> Required action
Starting at the first line of the data below, retype every line up to and including the one containing "Lithops dorotheae F357.".
Start of Input data
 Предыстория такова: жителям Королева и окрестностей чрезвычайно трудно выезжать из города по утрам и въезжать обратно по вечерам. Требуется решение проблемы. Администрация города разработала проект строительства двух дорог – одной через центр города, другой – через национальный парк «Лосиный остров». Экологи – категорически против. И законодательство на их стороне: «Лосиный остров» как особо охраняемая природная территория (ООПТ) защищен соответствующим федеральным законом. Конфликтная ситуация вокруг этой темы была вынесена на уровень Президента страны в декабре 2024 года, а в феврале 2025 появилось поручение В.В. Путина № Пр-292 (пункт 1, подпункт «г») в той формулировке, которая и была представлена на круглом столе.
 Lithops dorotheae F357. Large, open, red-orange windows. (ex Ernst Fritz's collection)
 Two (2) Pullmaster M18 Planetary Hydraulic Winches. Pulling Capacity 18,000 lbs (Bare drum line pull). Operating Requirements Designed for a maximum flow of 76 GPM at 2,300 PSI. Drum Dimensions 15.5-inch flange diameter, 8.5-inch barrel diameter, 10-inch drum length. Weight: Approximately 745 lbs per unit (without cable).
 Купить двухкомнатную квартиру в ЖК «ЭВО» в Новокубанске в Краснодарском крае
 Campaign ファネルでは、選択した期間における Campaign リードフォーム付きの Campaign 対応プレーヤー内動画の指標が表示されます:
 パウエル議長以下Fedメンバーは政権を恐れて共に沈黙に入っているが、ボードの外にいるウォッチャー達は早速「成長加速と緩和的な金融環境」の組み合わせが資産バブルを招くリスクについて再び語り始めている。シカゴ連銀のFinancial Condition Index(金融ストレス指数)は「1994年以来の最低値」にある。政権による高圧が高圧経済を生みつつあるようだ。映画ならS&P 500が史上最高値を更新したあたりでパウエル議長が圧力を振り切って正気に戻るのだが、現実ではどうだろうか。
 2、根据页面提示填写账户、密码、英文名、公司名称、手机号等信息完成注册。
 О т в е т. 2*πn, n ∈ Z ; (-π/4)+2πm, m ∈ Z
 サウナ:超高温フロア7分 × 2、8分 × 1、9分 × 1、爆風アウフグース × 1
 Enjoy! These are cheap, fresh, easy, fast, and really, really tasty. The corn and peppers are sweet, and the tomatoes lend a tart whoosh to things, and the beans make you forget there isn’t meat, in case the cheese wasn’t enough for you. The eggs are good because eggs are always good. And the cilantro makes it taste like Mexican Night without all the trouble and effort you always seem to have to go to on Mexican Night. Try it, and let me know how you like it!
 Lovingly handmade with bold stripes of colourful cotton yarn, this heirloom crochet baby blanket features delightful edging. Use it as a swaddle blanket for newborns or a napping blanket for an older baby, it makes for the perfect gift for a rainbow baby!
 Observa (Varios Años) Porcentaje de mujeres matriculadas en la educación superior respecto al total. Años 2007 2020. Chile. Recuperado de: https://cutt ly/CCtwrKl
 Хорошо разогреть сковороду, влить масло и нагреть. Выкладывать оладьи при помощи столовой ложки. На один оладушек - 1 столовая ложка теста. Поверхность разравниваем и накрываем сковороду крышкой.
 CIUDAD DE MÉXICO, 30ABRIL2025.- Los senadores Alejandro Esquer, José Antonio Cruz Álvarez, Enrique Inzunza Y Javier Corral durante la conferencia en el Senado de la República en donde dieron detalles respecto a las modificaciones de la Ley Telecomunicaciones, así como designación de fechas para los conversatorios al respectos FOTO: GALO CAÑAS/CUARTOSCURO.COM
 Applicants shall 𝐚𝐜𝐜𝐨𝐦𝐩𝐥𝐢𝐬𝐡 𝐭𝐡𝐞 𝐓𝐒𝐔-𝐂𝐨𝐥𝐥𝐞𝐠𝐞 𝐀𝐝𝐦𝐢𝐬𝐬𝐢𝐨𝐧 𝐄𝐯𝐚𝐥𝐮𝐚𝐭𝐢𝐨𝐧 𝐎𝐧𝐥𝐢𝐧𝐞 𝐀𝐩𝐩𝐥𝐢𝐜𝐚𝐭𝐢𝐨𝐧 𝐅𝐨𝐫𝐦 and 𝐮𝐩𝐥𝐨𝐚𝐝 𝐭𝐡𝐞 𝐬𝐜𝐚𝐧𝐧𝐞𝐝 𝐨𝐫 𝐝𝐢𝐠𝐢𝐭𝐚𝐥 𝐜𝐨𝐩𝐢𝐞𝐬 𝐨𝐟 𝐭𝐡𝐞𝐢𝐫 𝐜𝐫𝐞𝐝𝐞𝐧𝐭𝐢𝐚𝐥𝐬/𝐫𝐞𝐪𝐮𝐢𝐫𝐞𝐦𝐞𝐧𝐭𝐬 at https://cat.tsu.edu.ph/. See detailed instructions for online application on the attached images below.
End of Input data
> The answer
 Предыстория такова: жителям Королева и окрестностей чрезвычайно трудно выезжать из города по утрам и въезжать обратно по вечерам. Требуется решение проблемы. Администрация города разработала проект строительства двух дорог – одной через центр города, другой – через национальный парк «Лосиный остров». Экологи – категорически против. И законодательство на их стороне: «Лосиный остров» как особо охраняемая природная территория (ООПТ) защищен соответствующим федеральным законом. Конфликтная ситуация вокруг этой темы была вынесена на уровень Президента страны в декабре 2024 года, а в феврале 2025 появилось поручение В.В. Путина № Пр-292 (пункт 1, подпункт «г») в той формулировке, которая и была представлена на круглом столе.
 Lithops dorotheae F357. Large, open, red-orange windows. (ex Ernst Fritz's collection)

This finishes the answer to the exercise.